Complete Failure → Removal Chain
Step 1: RPC Call Fails
DefaultRemoteCaller.InvokeAsync() calls InvokeMonitor.ExecFail() in the catch block:
catch (Exception ex)
{
invokeMonitor?.ExecFail(
(remoteInvokeMessage.ServiceEntryId, selectedRpcEndpoint),
elapsedMs,
clientInvokeInfo);
throw;
}
Step 2: InvokeMonitor Updates Statistics and Changes Endpoint State
DefaultInvokeMonitor.ExecFail() does two things:
- Updates instance-level statistics (
FaultInvokeCount++, AET calculation) - Calls
IRpcEndpointMonitor.ChangeStatus(endpoint, isEnable: false, unHealthCeilingTimes)

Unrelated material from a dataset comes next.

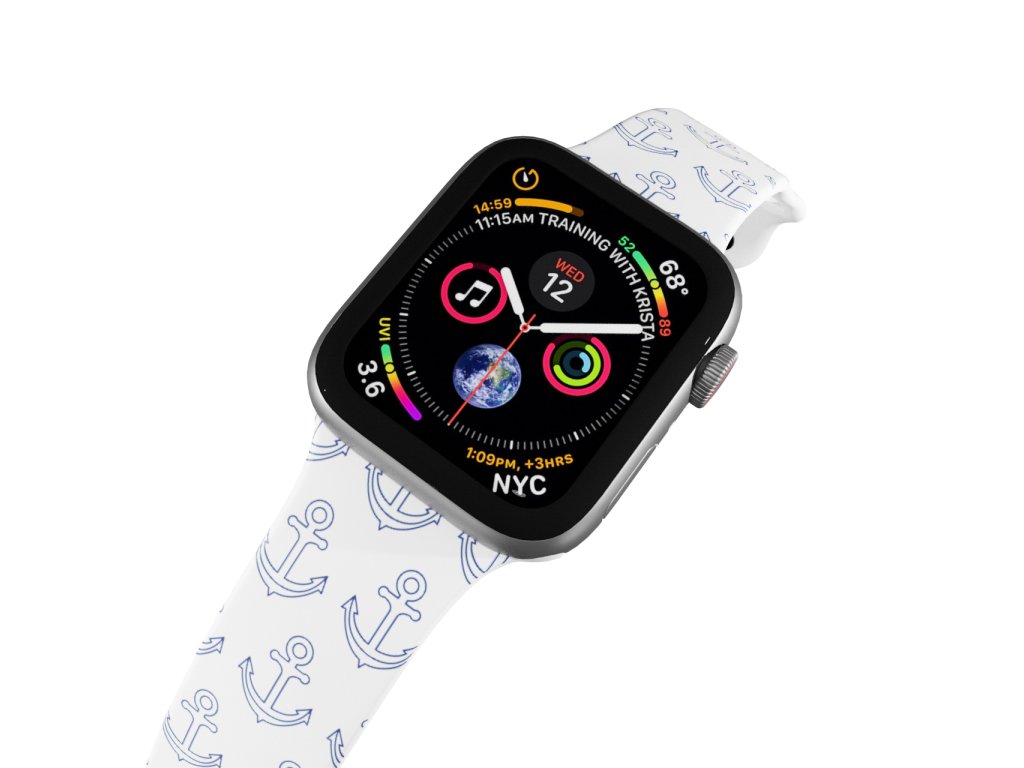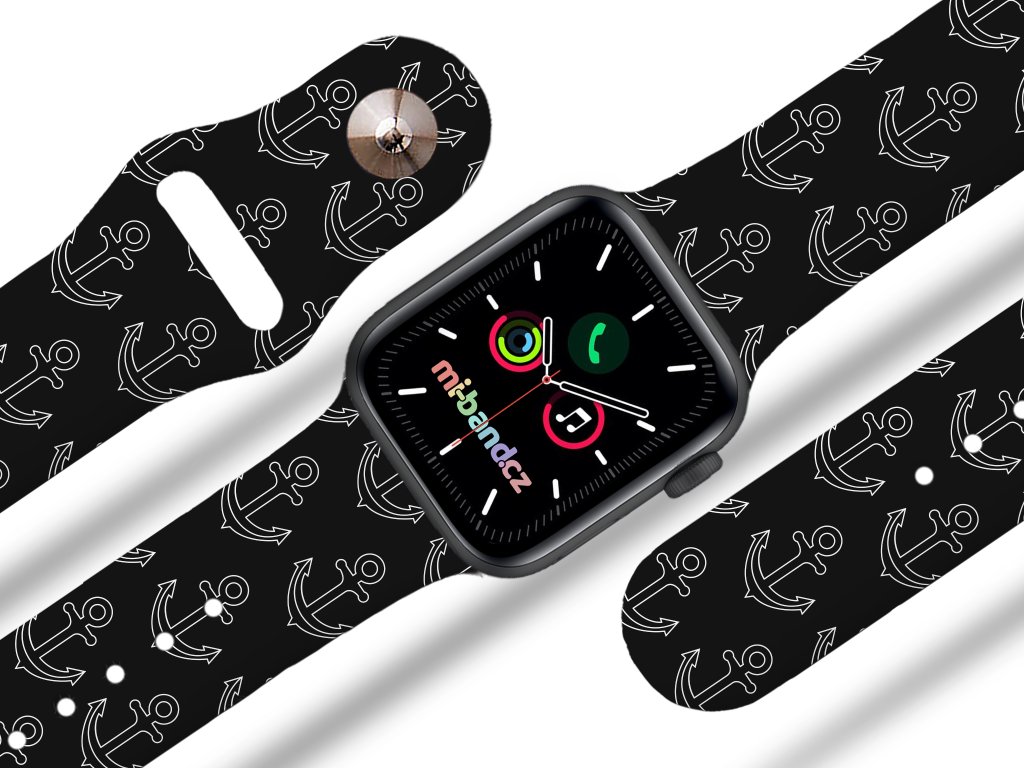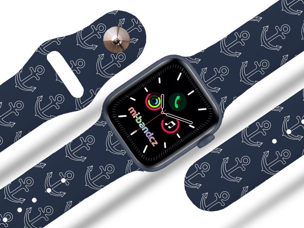 Potištěný náhradní řemínek pro Apple Watch s designem Kotvičky. Zakotvěte v přístavu jistoty, lásky a pochopení.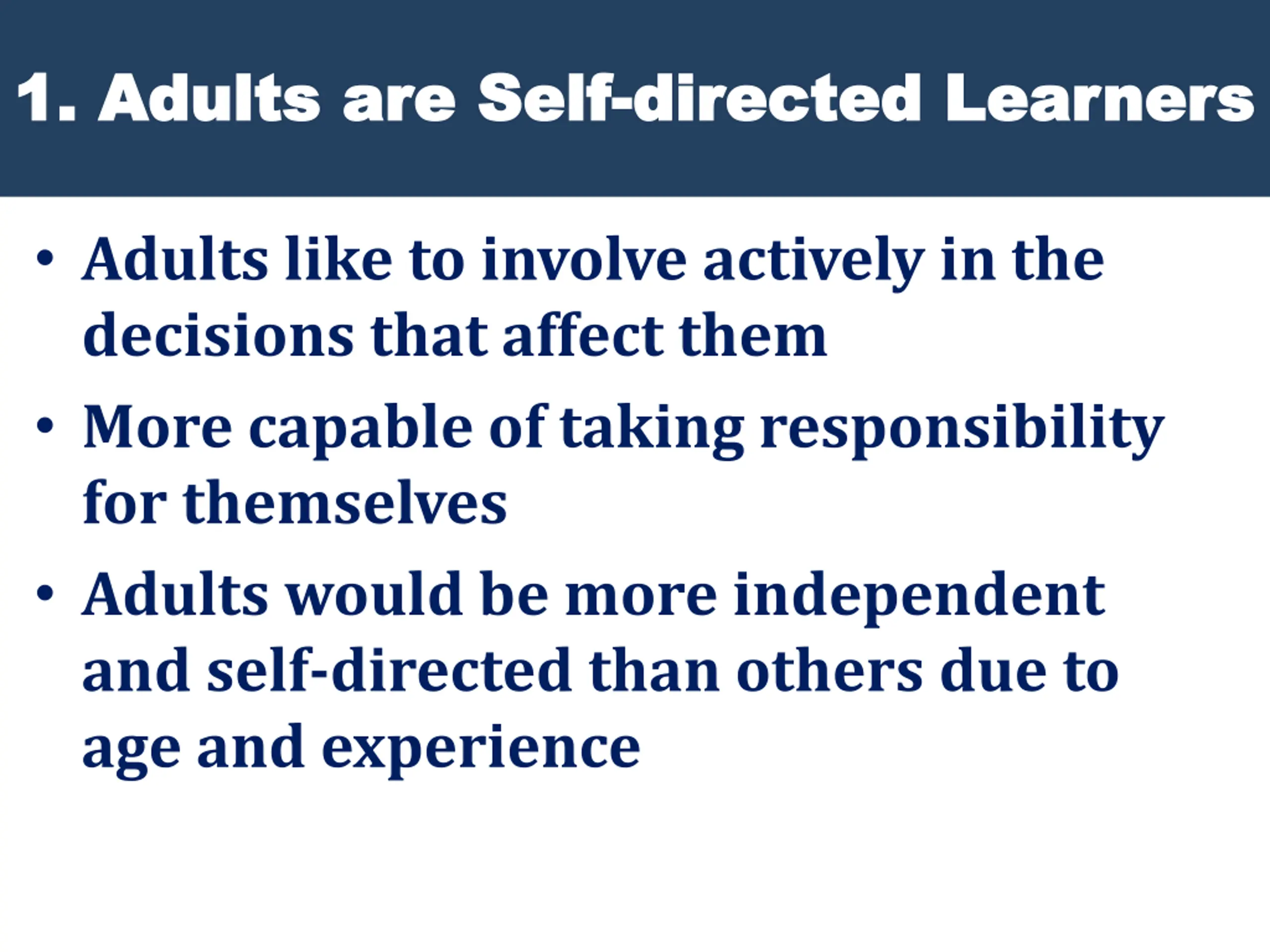1. Adults 1. Adults are are Self Self- -directed Learners directed Learners Adults like to involve actively in the decisions that affect them More capable of taking responsibility for themselves Adults would be more independent and self-directed than others due to age and experience

public void ExecFail((string, ISilkyEndpoint) item, double elapsedMs, ClientInvokeInfo info)
{
// Update instance stats
lock (_monitorProvider.InstanceInvokeInfo)
{
_monitorProvider.InstanceInvokeInfo.FaultInvokeCount++;
_monitorProvider.InstanceInvokeInfo.ConcurrentCount--;
}
// Update endpoint health
_rpcEndpointMonitor.ChangeStatus(item.Item2, isEnable: false,
unHealthCeilingTimes: _governanceOptions.UnHealthAddressTimesAllowedBeforeRemoving);
}
Step 3: RpcEndpointMonitor Changes State and Emits Event
public void ChangeStatus(ISilkyEndpoint endpoint, bool isEnable, int unHealthCeilingTimes = 0)
{
var checkModel = m_checkEndpoints[endpoint];
checkModel.IsEnable = isEnable;
if (!isEnable)
{
checkModel.UnHealthTimes++;
if (checkModel.UnHealthTimes >= unHealthCeilingTimes)
{
// Emit: endpoint is too unhealthy → remove from service list
OnRemoveInvalidEndpoint?.Invoke(endpoint);
}
else
{
// Emit: endpoint is temporarily unhealthy → sleep for AddressFuseSleepDurationSeconds
OnEndpointDisable?.Invoke(endpoint);
}
}
else
{
checkModel.UnHealthTimes = 0;
// Emit: endpoint recovered
OnEndpointEnable?.Invoke(endpoint);
}
}
Step 4: Endpoint Selectors React to Events
Each IRpcEndpointSelector implementation subscribes to OnRemoveInvalidEndpoint and clears its cached endpoint list:
// Example: PollingRpcEndpointSelector
_rpcEndpointMonitor.OnRemoveInvalidEndpoint += endpoint =>
{
// Invalidate local cache for all service entries using this endpoint
ClearEndpointCache(endpoint);
};
After invalidation, the next selection rebuilds the list from the current healthy endpoints.
Endpoint Recovery
When a previously unhealthy endpoint becomes reachable again (e.g., it restarts and re-registers with the registry):
- The registry change event propagates to all nodes
IRpcEndpointMonitor.Monitor(endpoint)is called for the new/recovered endpointIsEnable = true, UnHealthTimes = 0OnEndpointEnableevent fires → selectors add the endpoint back to their pools
Monitoring Configuration
| Config | Default | Description |
|---|---|---|
Rpc:EnableMonitor | true | Enable RPC call monitoring |
Rpc:CollectMonitorInfoIntervalSeconds | 30 | Interval for collecting and aggregating monitor data |
Governance:AddressFuseSleepDurationSeconds | 60 | Seconds an endpoint is disabled before being retested |
Governance:UnHealthAddressTimesAllowedBeforeRemoving | 3 | Consecutive unhealthy counts before permanent removal |
Monitoring Data (InvokeInfo)
DefaultInvokeMonitor collects call statistics per service entry per endpoint:
| Metric | Description |
|---|---|
TotalInvokeCount | Total invocation count |
FaultInvokeCount | Failed invocation count |
ConcurrentCount | Current concurrent count |
AET (Average Elapsed Time) | Rolling average response time in milliseconds |
MaxConcurrentCount | Peak concurrent count observed |
These metrics are exposed via Silky.Rpc.Monitor and can be viewed on the Silky Dashboard.